Assume $g_n: X \to \bar{\mathbb{R}}$ is a sequence of nonnegative measurable functions satisyfing $$\int g_nd\mu < \frac{1}{n^2}$$ for each $n\geq1$. Using the Monotone Convergence Theorem for nonnegative functions, or otherwise, prove that $$\sum_{N=1}^{\infty}g_n(x)<+\infty$$ $\mu$-almost everywhere.

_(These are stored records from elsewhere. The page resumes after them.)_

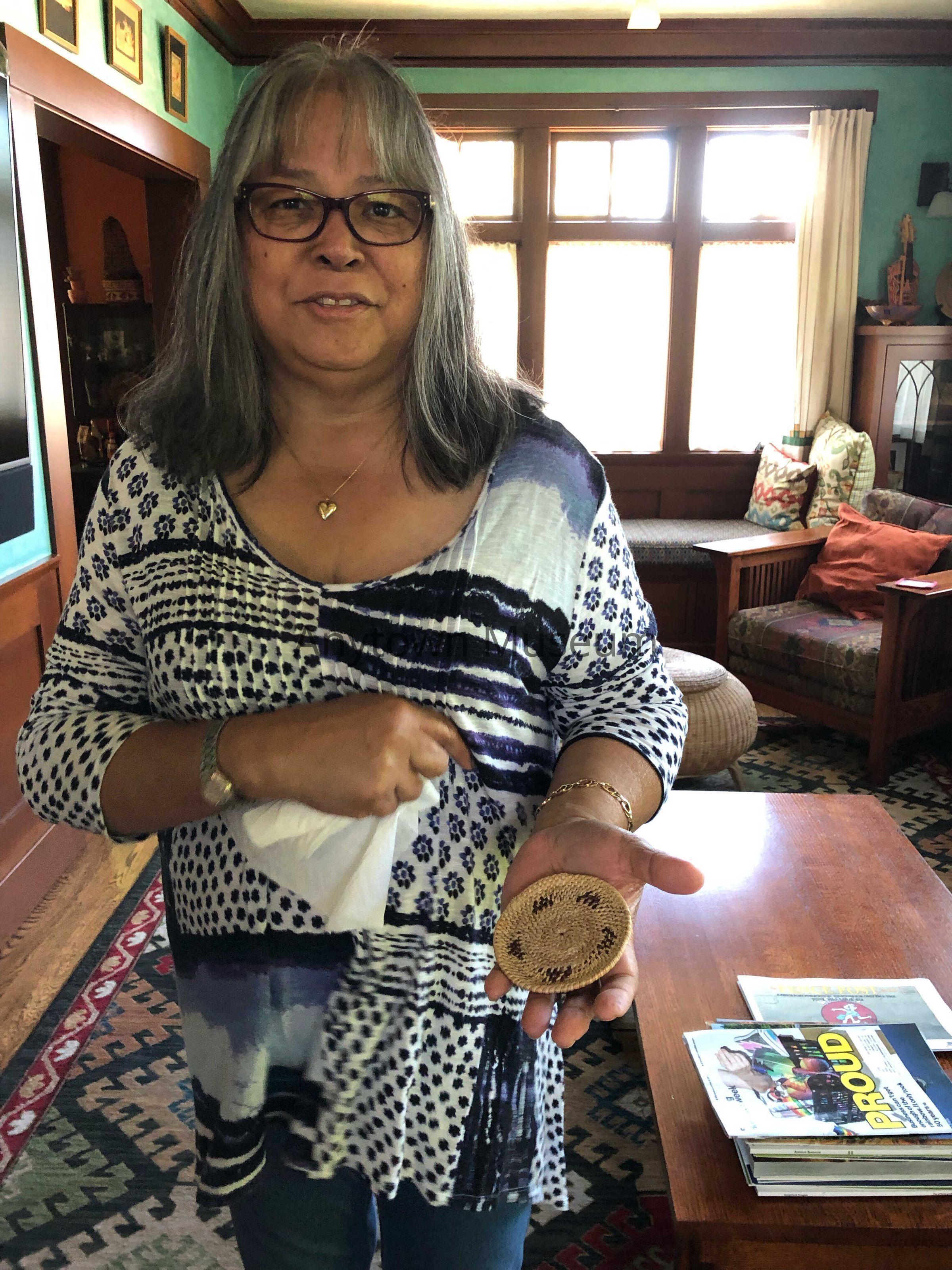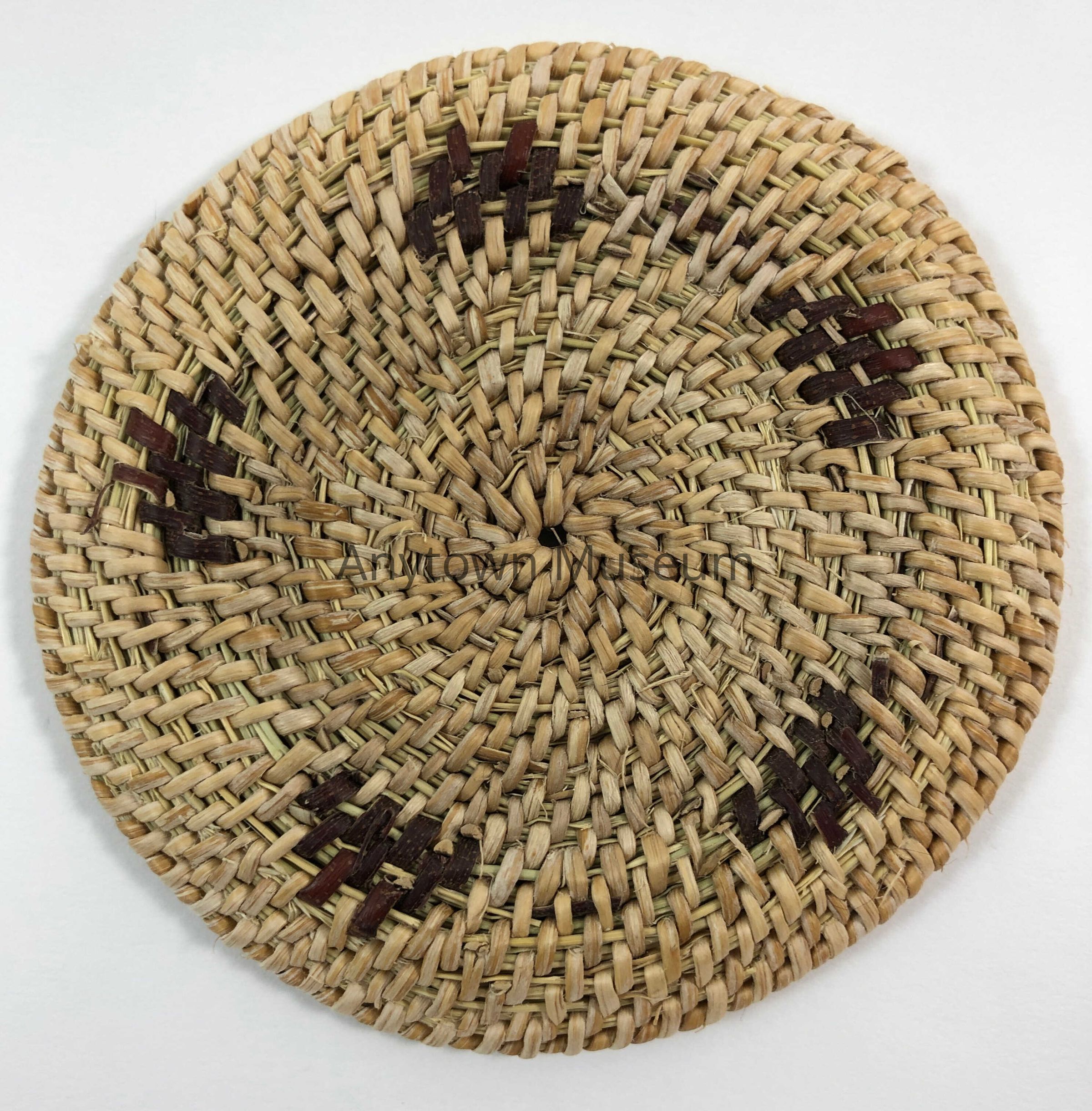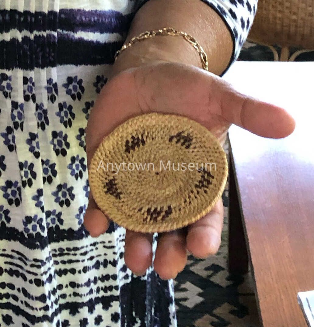 This is a miniature version of a flat basket used to sift acorn flour, created by noted Miwuk weaver Jennifer Bates. The pounded acorn is placed on the tray and sifted to separate larger particles for additional pounding to form a fine flour. Jennifer informed us that she had begun the start on this basket and as she worked a little further along, the basket told her this is what it wanted to be.
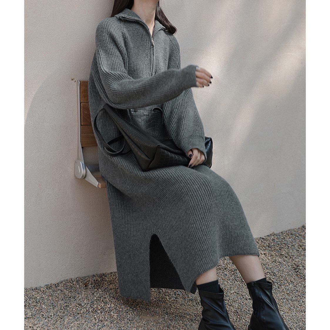 1枚で簡単にトレンドライクなスタイリングが完成するハーフジップワンピース。
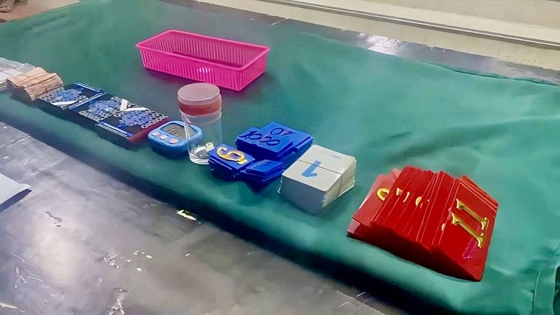 จากการตรวจสอบในที่เกิดเหตุ เจ้าหน้าที่สามารถระบุตัวบุคคลสำคัญประกอบด้วย นาย ศุภณัฐ (สงวนนามสกุล) อายุ 23 ปี ภูมิลำเนาจังหวัดสุราษฎร์ธานี รับสารภาพว่าเป็นเจ้ามือรับกินรับใช้ และ น.ส.ปราณี (สงวนนามสกุล) อายุ 28 ปี ภูมิลำเนาจังหวัดนครนายก รับสารภาพว่าเป็นเจ้าของบ้านสถานที่เกิดเหตุและเป็นผู้จัดให้มีการเล่นพนัน นอกจากนี้ยังสามารถตรวจยึดของกลางรวม 24 รายการ ได้แก่ เงินสดจำนวน 61,000 บาท ไพ่พลาสติก 3 สำรับ ผ้าปูรองเล่น ชิปแทนเงินสด การ์ดตัวเลข นาฬิกาจับเวลา รวมถึงอุปกรณ์อำนวยความสะดวก อาทิ โต๊ะยาว และเก้าอี้อีกจำนวน 24 ตัว ดำเนินคดี 38 ราย สารภาพเกลี้ยง
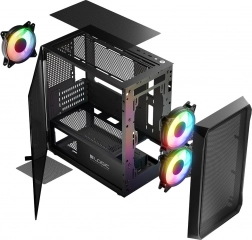 Wentylowany przedni i górny panel znacząco ułatwia cyrkulację powietrza. Dwa wentylatory 120 mm z przodu i jeden wentylator 120 mm z tyłu obudowy skutecznie chłodzą rozgrzane podzespoły. Wszystko dla Twojej wygody i bezpieczeństwa Twojego komputera.
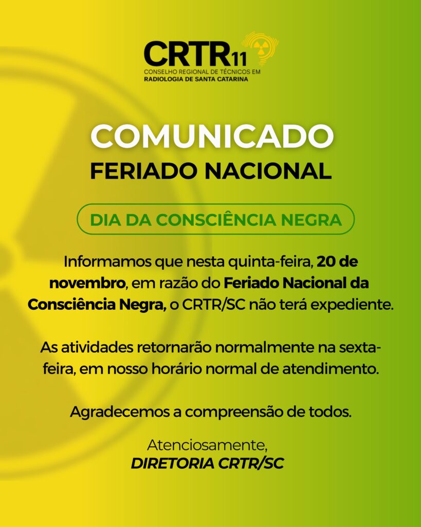 Nesta quinta-feira, 20 de novembro, em razão do Feriado Nacional do Dia da Consciência Negra, o CRTR/SC não terá expediente.
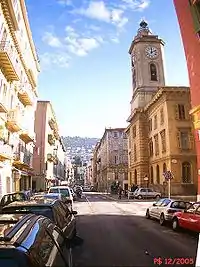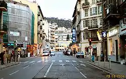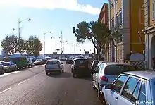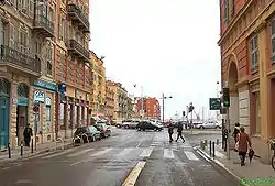 ![]() La rue de Foresta longe le port, ici dans le sens S → N. À gauche, les rares immeubles qui occupent les flancs de la colline du Château, côté port. |
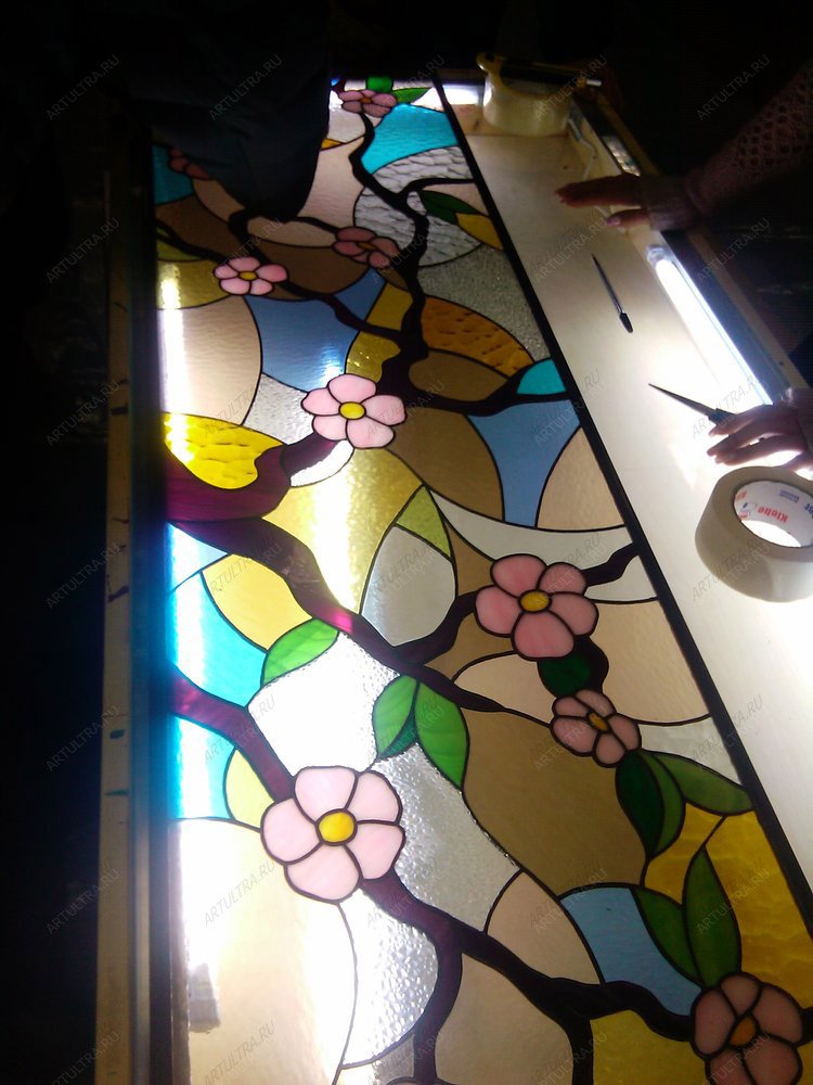 Витраж «Сакура» наделен приятными нежными оттенками красок, как мы видим на представленном фото сверху. В композиции задействовано 78 цветных стеклянных элементов. При его создании используется прочное стекло марки Spectrum. Витраж выполняется вручную: каждая деталь вырезается строго по эскизу и обтачивается особым образом стеклорезом. После этого стеклянные фракции оборачиваются медной лентой, имеющей с одной стороны клейкий слой. После того, как все детали составлены вместе, они спаиваются между собой с помощью оловянно-свинцового припоя. В результате получается единое полотно. Важную роль здесь играет тонкая контурная графика, а качественная сборка позволяет сделать композицию еще более прочной, чем цельное стеклянное полотно.

It seems to me that $g_n$ is similar to a decreasing sequence, although not necessarily for all $x$; and that as $n$ tends to infinity, the integral must tend to $0$, so somehow the 'limit' of $g_n$ must be equal to $0$ $\mu$-almost everywhere. But since $g_{n+1}$ is not necessarily less than $g$ for all $x$, I can't see that the pointwise limit even exists.

Answer 1

Let $f_n=\sum_{k=1}^ng_k$. Then the sequence $\{f_n\}$ is increasing because the $g_k$ are non-negative, hence by the monotone convergence theorem $$ 0\leq \int \sum_{k=1}^{\infty}g_k\;d\mu=\sum_{k=1}^{\infty}\int g_k\;d\mu\leq \sum_{k=1}^{\infty}\frac{1}{k^2}<\infty$$

Since $\sum_{k=1}^{\infty}g_k$ is a non-negative function with finite integral, it must be finite almost everywhere.

Answer 2

Hint: The sequence of partial sums $\Big(\sum_{n=1}^{N}g_{n}\Big)_{N=1}^{\infty}$ is monotonically increasing because each $g_{n}$ is non-negative.

Answer 3

Hint:

$$\sum \int g_n = \int \sum g_n$$

Why?

Also, if $\int f < \infty$ where $f \ge 0$, then $f < \infty$ a.e. (this is well-known)

Answer 4

You need to know (or to prove) that $\sum \frac 1 {n^2}$ is finite, with sum $S$ (you don't need to know what the sum is - that is a much harder problem than just knowing the sum is finite). Now if $f_M = \sum_1^M g_n$, the $f_M$ form a monotonically increasing sequence (why?) and the integral of $f_M$ is bounded by S, so the integral of the limit (that is, the integral of the infinite sum of $g_n$) exists and is finite. So the pointwise sum of $g_n(x)$ may only be infinite on a set of measure zero.